Algo que en general logran mantener durante el resto de la película y con ello el asecho de la muerte se vuelve cada vez más inquietante, incluso si la manera en la que se desarrollan las acciones se siente un tanto acelerada gran parte del tiempo. Ya que en realidad la profundización sobre todo lo que rodea al silbato no es algo a lo que se le dediquen mucho minutos y por lo mismo se vuelve complicado el poder elaborar situaciones que te hagan sentir empatía hacia los adolescentes, ocasionando con esto que sus muertes sean visualmente llamativas, pero sin una carga emocional tan grande que haga de esto algo más desgarrador.

Dejando así una parte final que apuesta por elevar el nivel de sangre en pantalla y, sobre todo, por plantear ciertos dilemas morales en lo respecta a la forma de lidiar con la amenaza.
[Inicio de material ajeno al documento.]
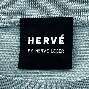 This chic mini dress by Herve Leger features a sleek sheath silhouette in a soft green hue. Designed with a crew neckline and raglan short sleeves, it offers a modern and sophisticated look perfect for casual or work settings. The structured fabric ensures a flattering fit that maintains its shape throughout the day.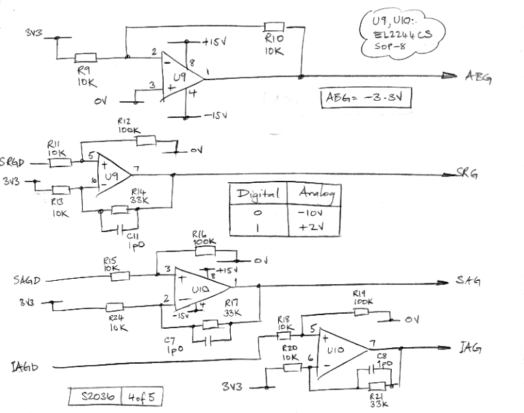 The A2036 proved to be vulnerable to ionizing radiation. Samples of the obsolete A2033 assembly, whose circuit is identical to that of the A2036, irradiated under +5 V power but without ±15 V power, operated normally after 20 krad plus four-week room-temperature anneal, but failed after 100 krad plus four-week room-temperature anneal. There were three causes of failure. First, the output voltage of the MAX6329 regulator (see schematic) rose by about 0.2 V at 20 krad and 1 V at 100 krad. Second, one of the DG411 switches (see schematic) was stuck open after 100 krad. Thirdly, one of the 74VHC123A monostable flip-flops (see schematic) was refusing to fire after 100 krad.

Siendo esto lo que le añade cosas positivas a un desenlace intenso que se enreda un poco al momento de resolver el problema, aunque termina resultando convincente.

En el tema de las actuaciones tenemos a una Dafne Keen (Chrys) que por momentos puede ser desesperante con un personaje que mantiene todo el tiempo la misma expresión y que carece de emocionalidad por grandes lapsos de la película. Mientras que el resto del elenco logra ser un buen complemento y ayudan a que ese detalle en particular no resulte tan perjudicial.

Y en cuanto a producción, nos encontramos con una factura cuidada: el trabajo de fotografía es sólido, la dirección de arte discreta, el score es agradable, el trabajo de sonido es espectacular, los efectos son de buena calidad y la labor de maquillaje cumple.

Opinión final: Whistle está entretenida. Película para pasar un buen rato viendo sufrimiento adolescente.